If you’re trying to lose weight but don’t move much during the day, you’re fighting an uphill battle. Simply getting 10,000 steps or more per day and making it a point to move or be active can seriously help with weight loss, especially if you’re following these other tips and are eating a healthy diet.

But if you need more help with calorie control, you will likely benefit from structured exercise like gym workouts, a daily walking routine, a yoga class, or an aerobics class. Exercise can help you increase your calorie deficit if you’re struggling to reduce your food intake further.

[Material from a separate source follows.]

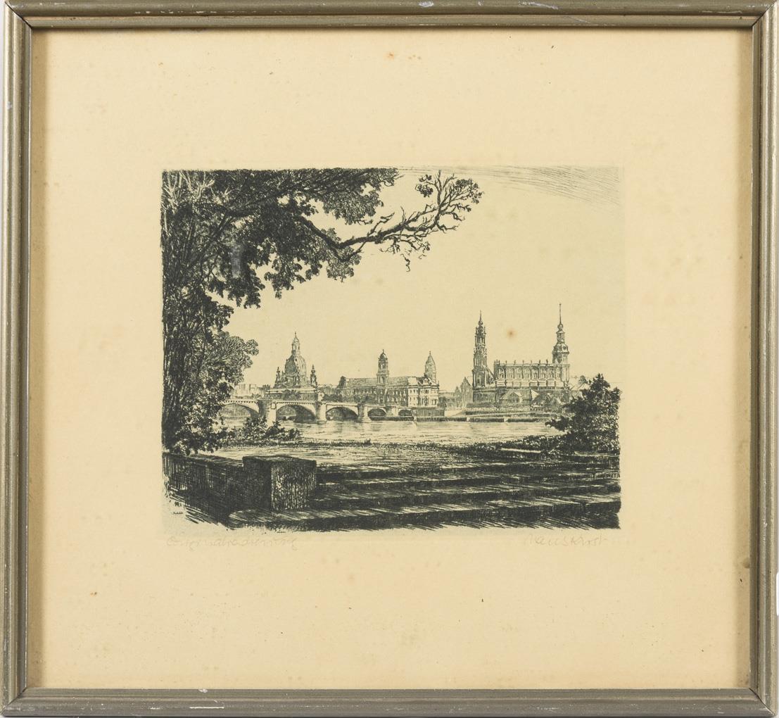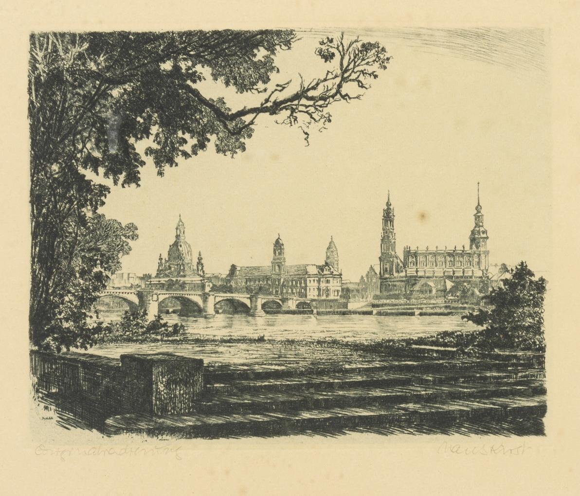 Blick über die Elbe auf die Altstadt von Dresden. Etwas stockfleckig, oberer Rand beschädigt.

Activity and exercise also help to boost your metabolism and fat burning ability.

12. Crash Dieting

A crash diet is one that overly restricts calories, which not only affects your general health but also your metabolism. And even if you do lose some weight, it takes very little to put the weight back on once you start eating again. It’s better to eat the right foods at the right times to promote healthy weight gain and keep your metabolism functioning at optimal levels.

Crash dieting differs from intermittent fasting, which only restricts calories for a short window and can help some people lose weight.

Weight Loss Makes Your Bladder Happy

Measuring tape on a pair of jeans; Being overweight is actually a contributing factor to many types of incontinence

While a healthier bladder probably isn’t your primary reason for setting a weight loss goal, it is a welcome benefit. Losing weight relieves excess pressure on the abdominal cavity and bladder and can improve incontinence symptoms.

Whether you have light, moderate, or heavy bladder leaks, TYE Medical has a product to suit your needs. You can learn more about our Two-Piece System and shop our online store to receive free, discreet shipping on all orders. 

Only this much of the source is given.